In “The Darkest Dark,” real-life astronaut Chris Hadfield tells his own story, of being a boy who loved outer space and pretending to be an astronaut, but was afraid of the dark. When he first saw footage of real astronauts on the moon, he understood for the first time how dark outer space was. It was the darkest dark of all. How does a boy who is afraid of the dark but wants to be an astronaut handle this? Rather than make him afraid of space, or give up his dream of being an astronaut, that darkest dark of all made him “see the power and mystery and velvety black beauty of the dark.” Though he had been afraid of being alone in the dark, he now realized he was never truly alone, that no matter where he was and how dark it got, his dreams about his future were with him to keep him company.
“Maybe Something Beautiful” by F. Isabel Campoy and Theresa Howell emphasizes the impact one child can have on a community. In this story based on real events, a young girl lives in a gray city full of gray sidewalks and gray buildings.

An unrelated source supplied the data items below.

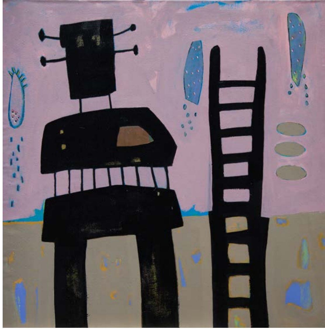
Acrylic on canvas 95x95 cm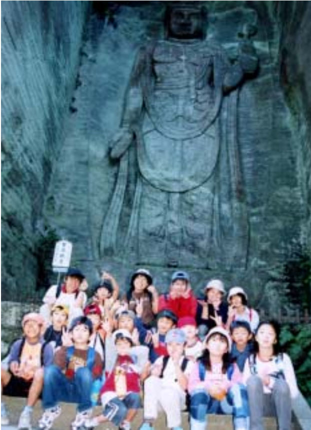
《岩に彫られた観音様の前で集合写真》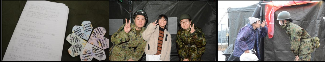
手 紙 ・ 多 く の 元 気 を も ら い ま し た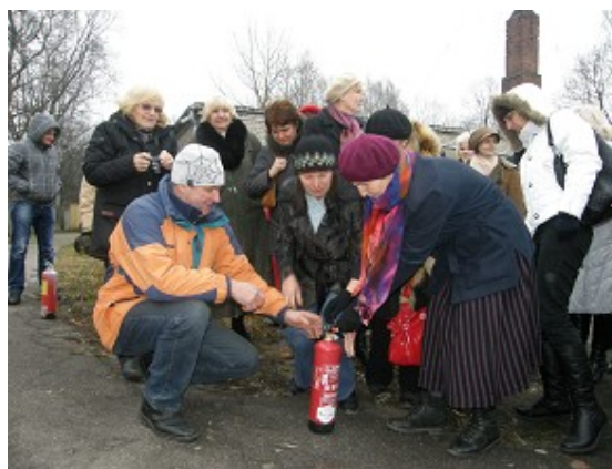
Ugunsdrošības teorētiskā lekcija un praktiskā nodarbība RCB darbiniekiem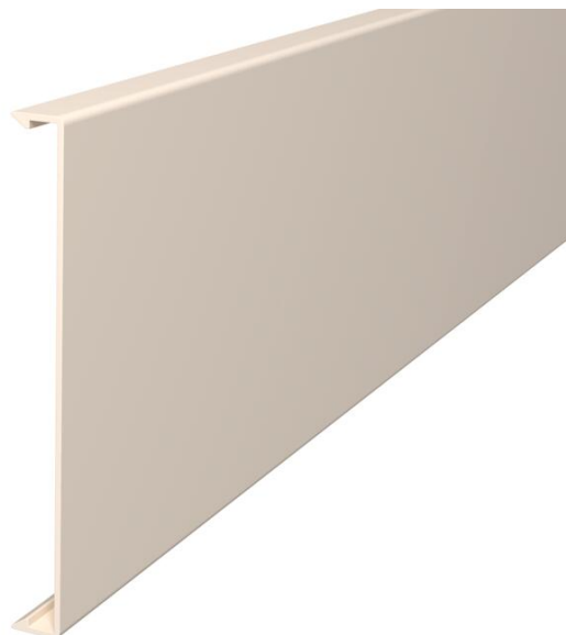
Oberteil zum Verschließen der Kanäle.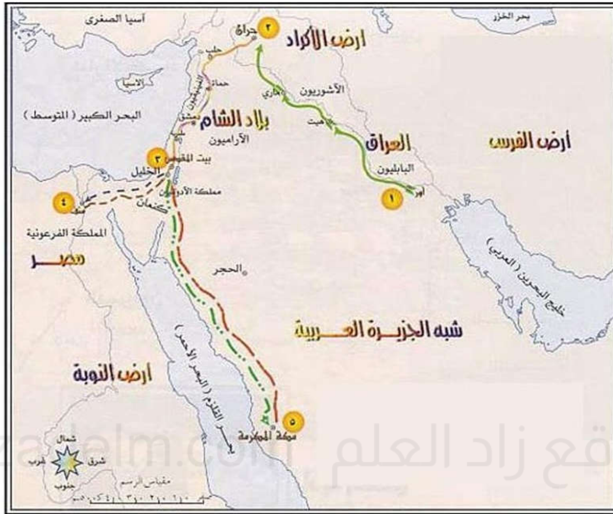
هجرة إبراهيم عليه السلام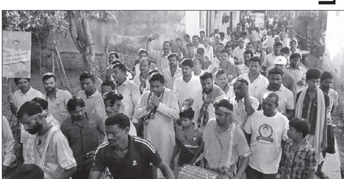
ପଦଯାତ୍ରାରେ ବିଧାୟକଙ୍କ ସହ ଦଳୀୟ କର୍ମୀମାନେ ।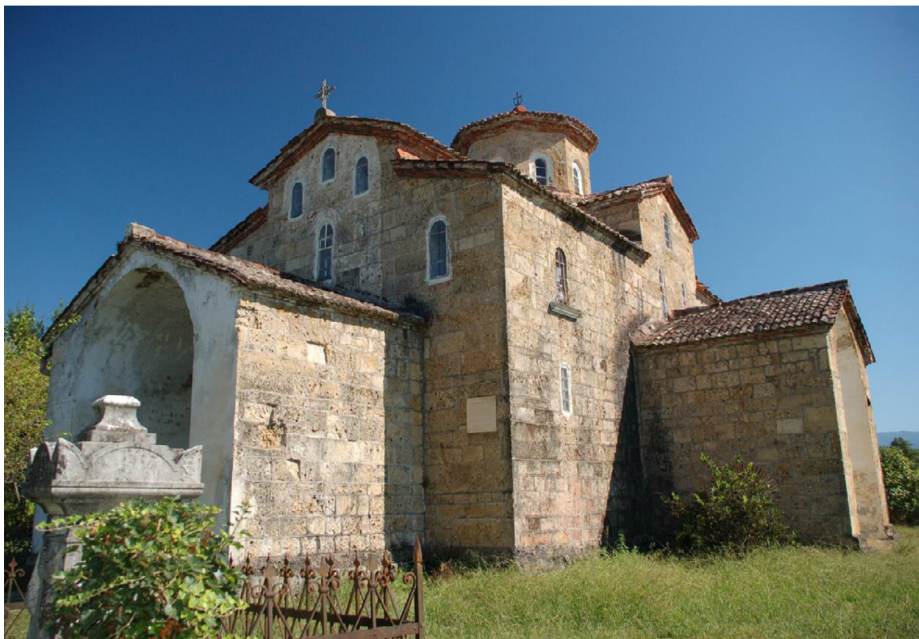
Илл. 4. Храм в Лыхнах в Абхазии. X–XI вв. URL: https://commons.wikimedia.org/wiki/Category:Orthodox_church_of_the_Dormition_in_Lykhny#/media/File:Lykhny_temple.jpg

ное место было отведено собору Святой Софии, а также были приведены чертежи храма Сергия и Вакха (527–536), церкви Святой Ирины (VIII в.), церкви Богородицы монастыря Липса (X–XIII вв.), и один лист был посвящен церквям Малой Азии. Необходимо также упомянуть вышедший несколько позднее альбом Ш. Тексье (1864) [25], где отдельные разделы посвящены архитектуре Фессалоники, Эдессы, Трапезунда. Все эти публикации были хорошо известны русским исследователям: они хранились в библиотеке князя Г. Г. Гагарина, на них ссылается во введении к своему труду Н. П. Кондаков [12, с. 3]. В целом альбомы с чертежами византийских храмов важны для настоящего исследования не только как показатель того, какие памятники были известны архитекторам и, в частности, Гримму, но и как свидетельство того, как эти памятники в тот период выглядели.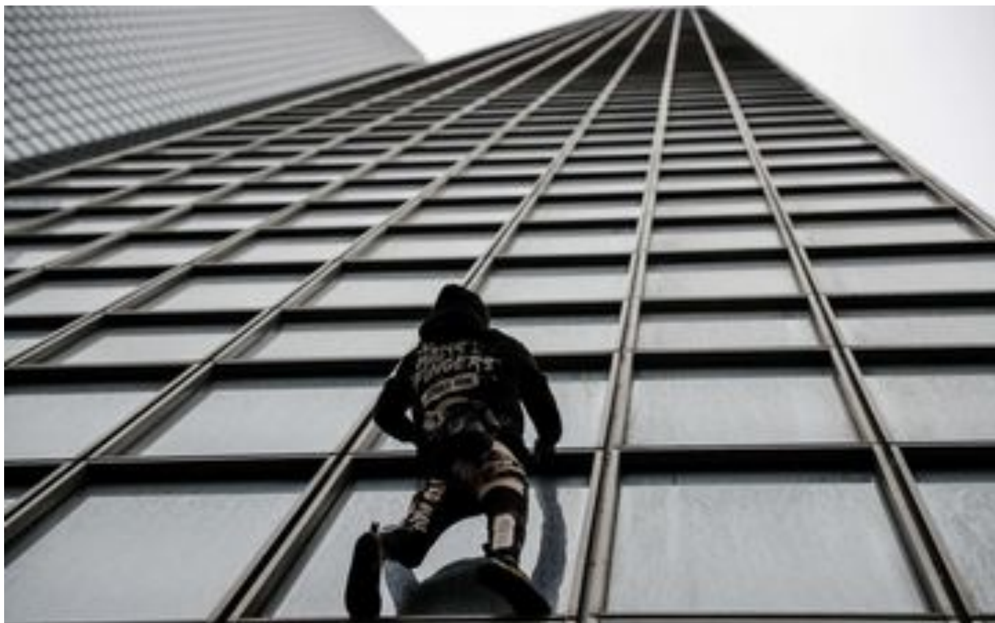
Réforme des retraites : le grimpeur Alain Robert escalade la tour Total en soutien aux grévistes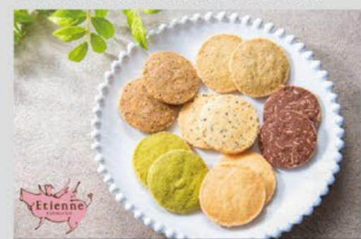
多彩なフレーバーが魅力的!サクサクでおいしい!

こだわりの素材を使った「クッキー」をご用意。 モデルハウスを見学の方に2枚セットでお贈りします。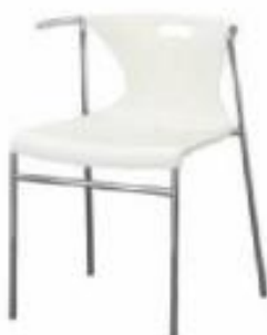
Silla Splash (S04)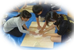
手打ちうどん作り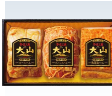
YS-16〈大山ハム〉 食の匠工房3種詰合せ 8,640円 (本体8,000円) (CN-17) 174343 冷蔵便 ボンレスハム360g・ロースハム360g・ 熟成乾塩ベーコン250g 各1 賞味期限:冷蔵で30日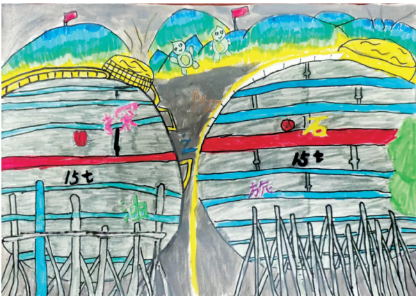
作者系云师大附小金安校区三(二)班学生 《石油燃气探秘之旅》 □ 马誉恩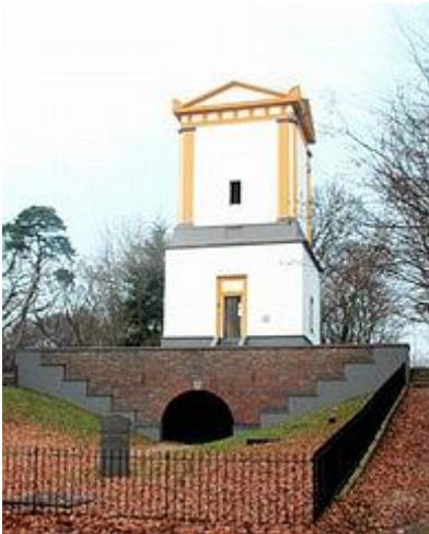
Leersum: mausoleum van Nellesteyn

De 19de eeuw is de eeuw van de neostijlen, stijlen die teruggrijpen op de klassieke Oudheid. De vormgeving van veel mausolea en grafmonumenten uit die tijd is geïnspireerd door de bouwkunst van Grieken, Romeinen en Egyptenaren.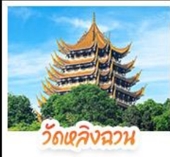
วัดเลิ่งฉวน

But this grayness does not match the joy she feels in her heart, joy that she expresses through colorful drawings she shares with her neighbors and with the entire neighborhood by taping colorful pictures up on the sides of drab buildings. One day, she encounters an artist who is inspired by her cheerful drawings. Together, the artist and the girl begin painting bright murals on the gray building walls and encouraging others to join them. Eventually the whole neighborhood is adding color and brightness to the once dreary walls, creating “something more beautiful than they had ever imagined.”
Darcie Caswell is youth services coordinator at Central Rappahannock Regional Library.